# Albert Lee descending run



## dolphinstreet (Sep 11, 2006)




----------



## Guest (Feb 8, 2019)

Very cool. The ascending while descending approach. Thanks.


----------



## dolphinstreet (Sep 11, 2006)

Glad you like it!


----------



## cboutilier (Jan 12, 2016)

The pull offs to open strings defines the Albert Lee sound.


----------



## Dorian2 (Jun 9, 2015)

I was playing around with that lick last night for a while. Great simple lick that can be expanded in a great number of ways Robert. Thanks for sharing that.
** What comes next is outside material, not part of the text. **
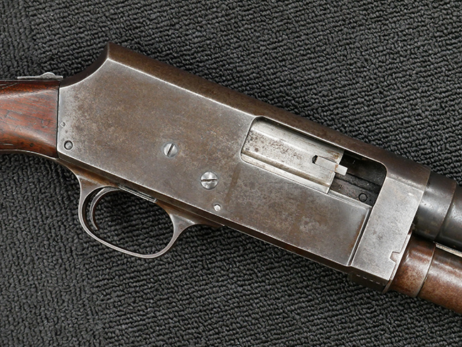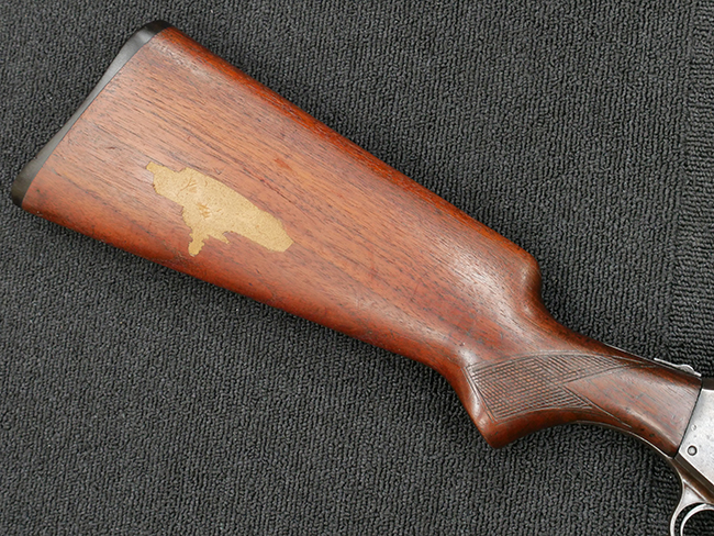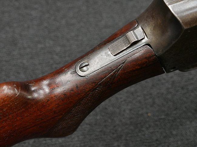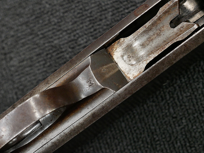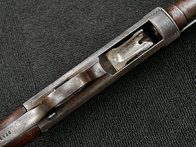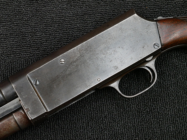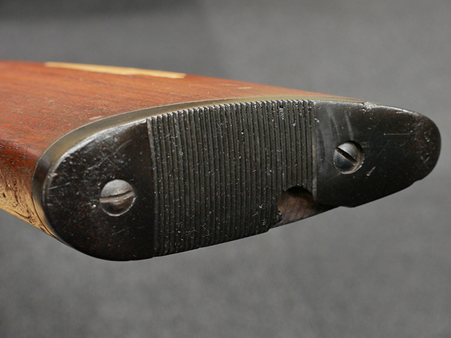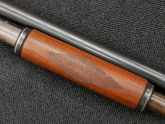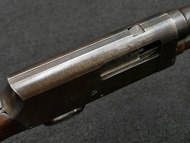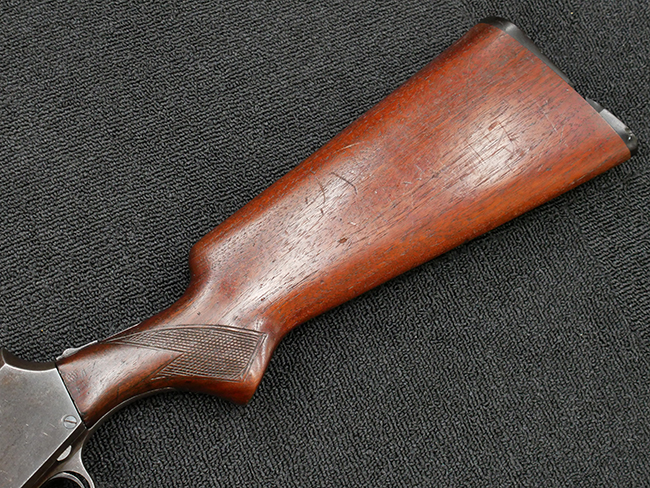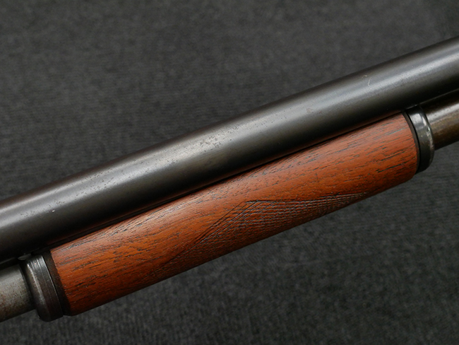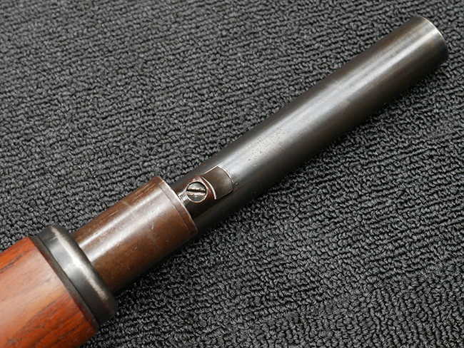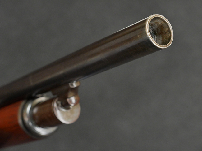 本品の金属部は全体に打ち傷や擦れ、経年による褪色の他、一部に表面錆が見受けられるものの、いずれも大きな欠損やがたつきも見受けられず、概ねしっかりとした状態が保たれています。木製のフォア・エンドは全体に良好な状態ですが木製のバット・ストックについては、一部に打ち傷や線傷が見られる他、強度的には問題無いものの右側面には長さ8cm程に渡って樹脂によると思われる補修痕が見られます。 尚、こちらも強度に問題は無いもののバット・プレートに左側に2.5cm程の欠けが見受けられます。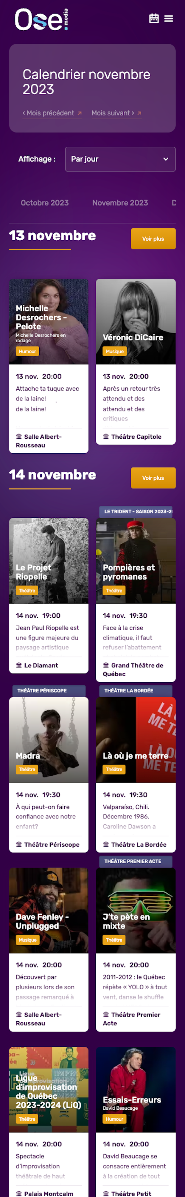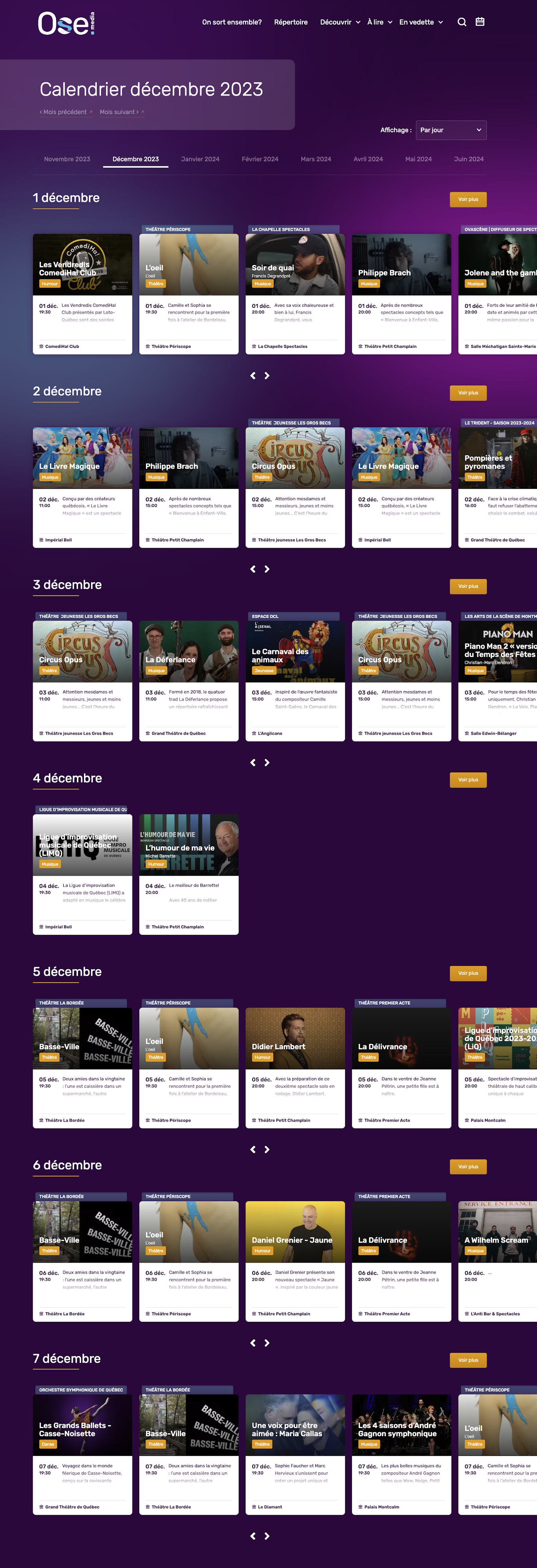 OSE Média est un site Web puissant qui est automatiquement mis à jour avec tous les derniers événements au Québec. Le site Web a une interface facile à utiliser et offre une variété de filtres pour vous aider à trouver ce que vous cherchez.

I have to really start listening to more Albert Lee as I incorporate more Country style into my Hard Rock stuff.


----------



## jb welder (Sep 14, 2010)

When I just see the names, I do have some issues keeping my Albert, Alvin, and Arthur Lee's straight. 
When I hear them, I figure it out pretty quick. 

Thanks Robert.


----------



## cboutilier (Jan 12, 2016)

Dorian2 said:


> I was playing around with that lick last night for a while. Great simple lick that can be expanded in a great number of ways Robert. Thanks for sharing that. I have to really start listening to more Albert Lee as I incorporate more Country style into my Hard Rock stuff.


Vince Gill has a ton of Lee-inspired licks that translate nicely to rock songs.


----------